▶ Work item
Search the listing below for the line with "#AUDUSD @ 0.67426", then write out that line and every one after it exactly, without the pictures.

▶ Recorded data
^^^^

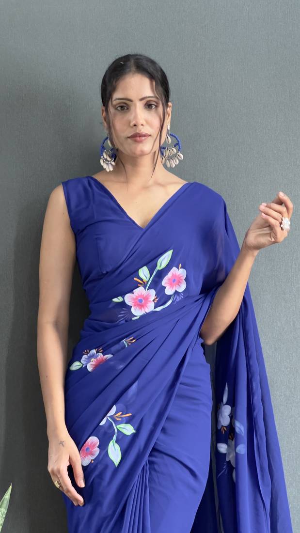 | Product Name | Blue Designer Hand Printed Faux Georgette Saree With Blouse Piece | |
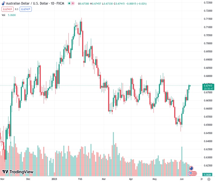 #AUDUSD @ 0.67426 picks up bids to refresh intraday high but stays sluggish at the highest level in a month.
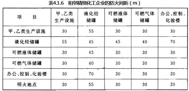 4.1.6 相邻精细化工企业的防火间距不应小于表4.1.6的规定。

^^^^

▶ Your solution
 #AUDUSD @ 0.67426 picks up bids to refresh intraday high but stays sluggish at the highest level in a month.
 4.1.6 相邻精细化工企业的防火间距不应小于表4.1.6的规定。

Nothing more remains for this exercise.